About this task:
Find the line with "Cocina con muebles sobre de granito" in the data below. Repeat it and every line after it exactly, but not the pictures.
·····
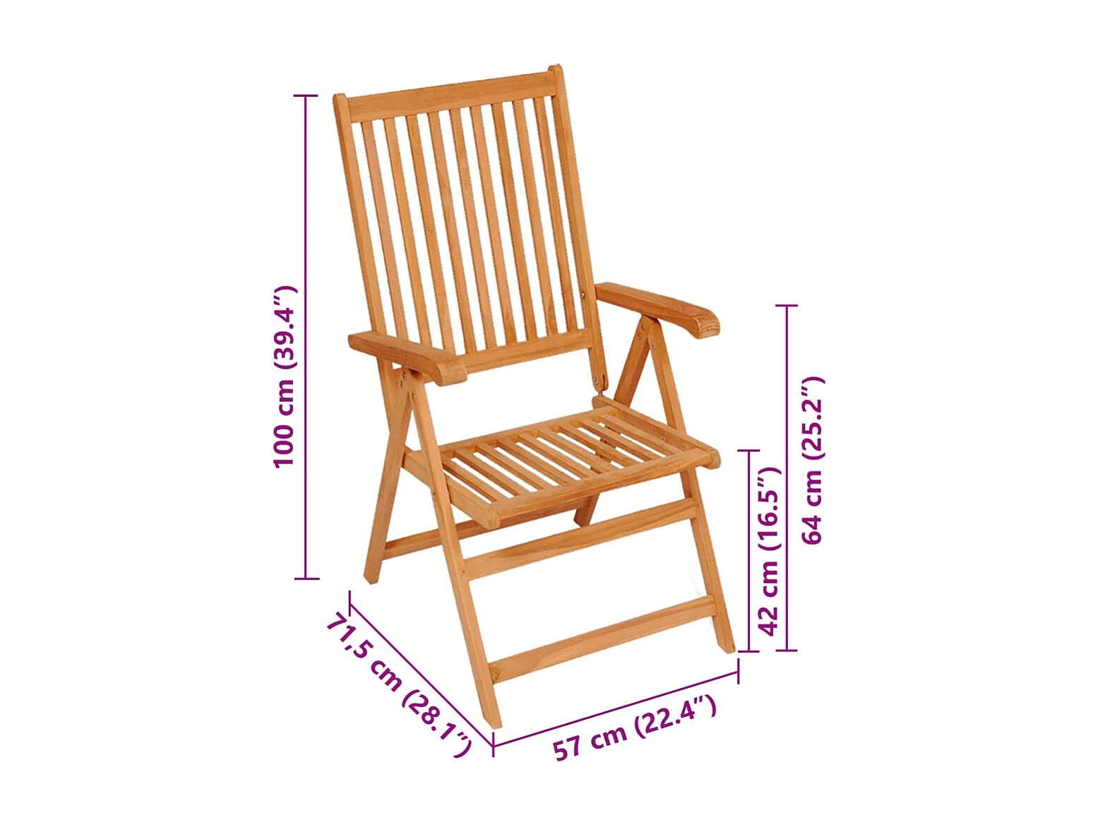 Liggende tuinstoelen en kussens set van 8 massief teakhout
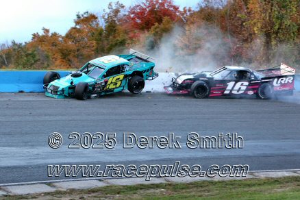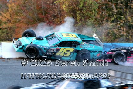Peterborough Speedway held their annual Autumn Colours Weekend from Friday October 10 through Sunday October 12. Friday featured rounds of practice for Pro Late Models, Super Stocks, Mini Stocks, Legends, Bone Stocks, OMRS Modifieds, Outlaw Midgets, Bandoleros, OSCAAR Modifieds and OSCAAR Hot Rods. Chad Strawn won the OMRS Modifed feature, with John Baker 2nd and Brad Stevenson 3rd. For full official results and more info, please see Peterborough Speedway , OSCAAR with APC Series and Outlaw Midgets .
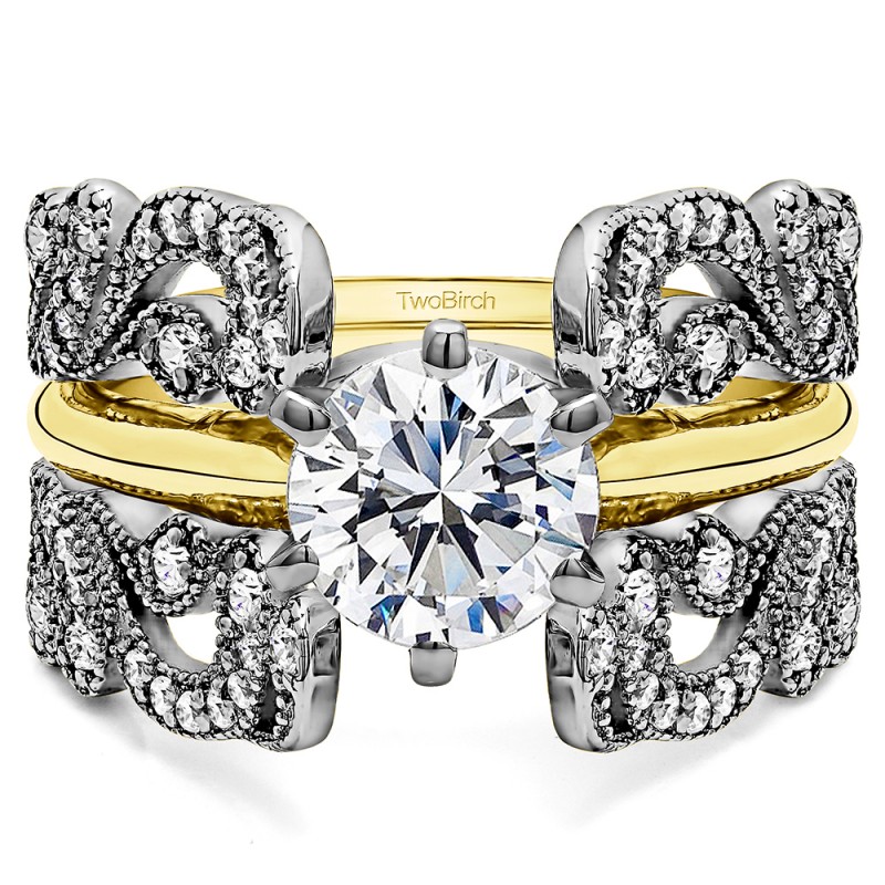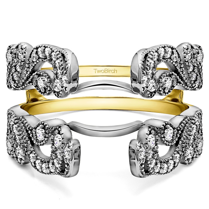 This wedding ring guard has 56 round, prong set stones. Each band measures 2 millimeters wide. This ring guard has 0.5 carats total weight.
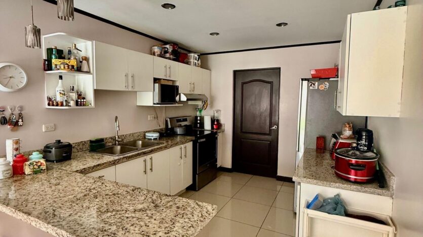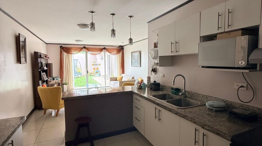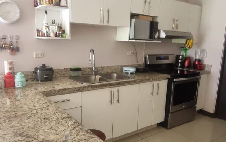 Cocina con muebles sobre de granito
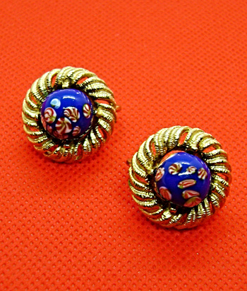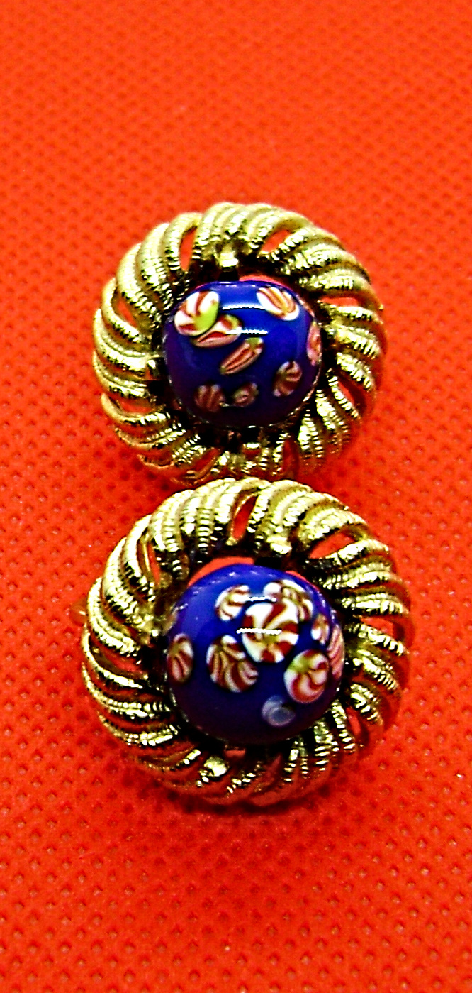 Crown Trifari Earrings. Gold tone. With blue lapis, venetian glass balls. They measure 3/4" and are from the 1960's.
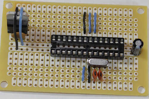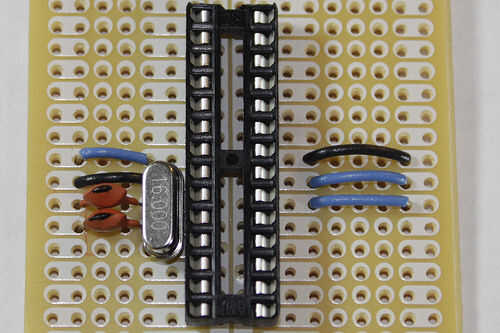 -VCC (+ 5v) tiene que ir a 7, 20 y 21 (el voltaje de referencia analógica).
·····
Response area:
 Cocina con muebles sobre de granito
 Crown Trifari Earrings. Gold tone. With blue lapis, venetian glass balls. They measure 3/4" and are from the 1960's.
 -VCC (+ 5v) tiene que ir a 7, 20 y 21 (el voltaje de referencia analógica).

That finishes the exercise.